- [Provided material]:
▼▼▼
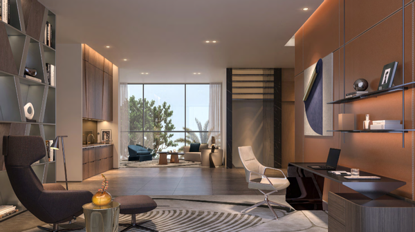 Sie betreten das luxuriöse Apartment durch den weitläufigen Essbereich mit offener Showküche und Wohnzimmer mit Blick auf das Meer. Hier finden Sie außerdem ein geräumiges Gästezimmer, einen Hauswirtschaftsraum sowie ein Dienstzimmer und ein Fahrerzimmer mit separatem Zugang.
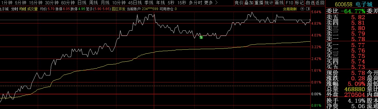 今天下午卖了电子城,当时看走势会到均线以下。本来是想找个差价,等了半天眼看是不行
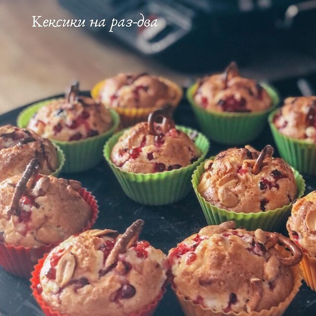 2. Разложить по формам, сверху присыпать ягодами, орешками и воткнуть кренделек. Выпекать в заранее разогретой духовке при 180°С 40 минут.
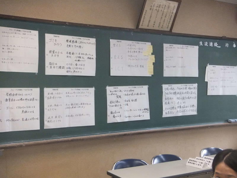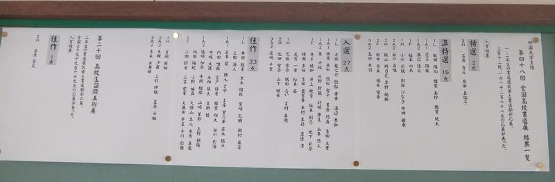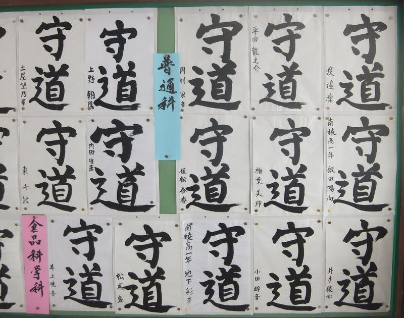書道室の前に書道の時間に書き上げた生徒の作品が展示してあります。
▲▲▲
- [Directions for this task]:
Skip the pictures and copy exactly the lines from the one containing "今天下午卖了电子城,当时看走" through the end of the material, both ends included.

- [Written answer]:
 今天下午卖了电子城,当时看走势会到均线以下。本来是想找个差价,等了半天眼看是不行
 2. Разложить по формам, сверху присыпать ягодами, орешками и воткнуть кренделек. Выпекать в заранее разогретой духовке при 180°С 40 минут.
書道室の前に書道の時間に書き上げた生徒の作品が展示してあります。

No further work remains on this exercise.